Partnering with Republican Senator John Warner, he proposed a cap-and-trade scheme for carbon emissions, it was a true bi-partisan effort, resulting in a final bill The Climate Steward Act that ultimately left no one happy, environmentalist groups like the Sierra Club saw it as too business-friendly, while business communities like opposed it as far too harsh.

“Across the whole aisle,” said Senator Warner“we are concerned about the environment, but we’ve balanced that with our business communities so this can save and not kill jobs, this is a consensus bill”.

View attachment 894515
(Left to Right Fmr Vice President Al Gore, Senators Warner and Lieberman, Cap and Trade Illustration)
The bill found its consensus, bridged primarily by Senator Lieberman and his friend and Presidential contender John McCain who each assuaged the moderate caucus, a move that was hailed as a genuine breakthrough. “This was tough politics for him, he’s running in a Republican Presidential Primary knowing this is going to piss off conservatives,” said Senator Lindsay Graham “That’s the maverick's agenda.”, as the Cap-And Trade bill was nervously gavelled through the tightly managed House chamber, it only stoked the fires of the Republican primary as McCain's main rival for the nomination former Vice-President Dick Cheney growled that such a scheme “Would cripple job creation and squeeze the average Americans income” backed by a chorus of Republican House members like Eric Cantor who called the decision the “greatest tax rise in history”. but the President signed the agreement as a “bold initiative to confront Americans energy challenge, without hurting working Americans”.

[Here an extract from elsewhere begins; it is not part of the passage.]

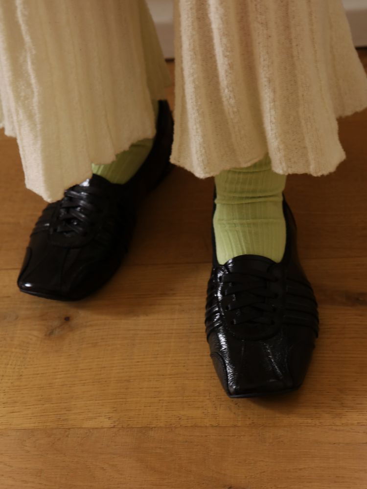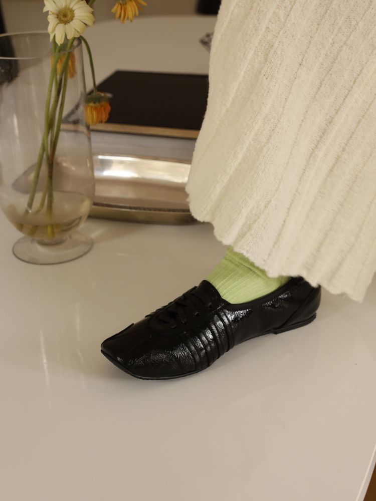 ‘The flat shoe blends vintage ballet shoe aesthetics with details from trekking, soccer, and boxing shoes. Made from goat skin with a glossy finish, it features a unique texture highlighted by prominent cracks.’

The passage of Lieberman-Warner received more muted praise from practically every group, as a “massive giveaway to industry” according to Greenpeace and a “threat to American businesses” by the energy lobby EIA.

Another small bi-partisan initiative was the decision to expand the number of House seats in Congress, albeit only by 2, granting a seat in Congress to the heavily Democratic District of Colombia and allotting staunchly conservative Utah an additional seat in a Red-Blue compromise. The decision was seen as a solution to the dilemma that the capital had no congressional representation, though legal scholars questioned the move as potentially unconstitutional. “Despite noble motivations, this is a legally fraught initiative,” said law professor Jon Turley, but still the move prompted special elections which confirmed that the capital's longtime non-voting delegate Eleanor Norton would become D.C.'s first ever-empowered representative.

View attachment 894516
(Left to Right Utah 4th Representative Jason Chaffetz, D.C. Representative Eleanor Norton)

Despite these successes, the narrow division of the House and hardening opposition from Republicans as the Presidential candidates cropped up, meant that Edwards's main objective of the congressional session, a universally covering healthcare programme hit every speedbump and logjam it could. Several proposals floated around the miasma of Washington but none of them caught wind.

The President finalized the ‘public plan’ released in June and was as ambitious as it was expensive, expanding Medicaid and Medicare programmes to cover more people, a federally run health insurance programme to compete with private plans and most controversial of all a legal mandate for everyone to get health insurance.

“The time has come for a universal reform, that covers everyone, cuts costs and provides better healthcare,” said the President in a public forum with other legislators this time all Democrats. This included prominent backers like Illinois Barack Obama, former First Lady Senator Clinton, and the Lion of the Senate Ted Kennedy as they touted the plan as the solution to rising medical costs and premiums asking the county to get on board the Affordable Health Care for All-Plan or to the laymen Edwardscare.

It was a congressional battle that proved daunting, the prospect of a mandate for healthcare, was anathema to many and the White House public messaging began to conflict with one-on-one congressional meetings on Capitol Hill over just how expansive the project would be. “The air war, our speaking circuits, advertisements and dialogues with the American public was in conflict with these delicate talks, the ground war” recalled Senate leader Tom Daschle.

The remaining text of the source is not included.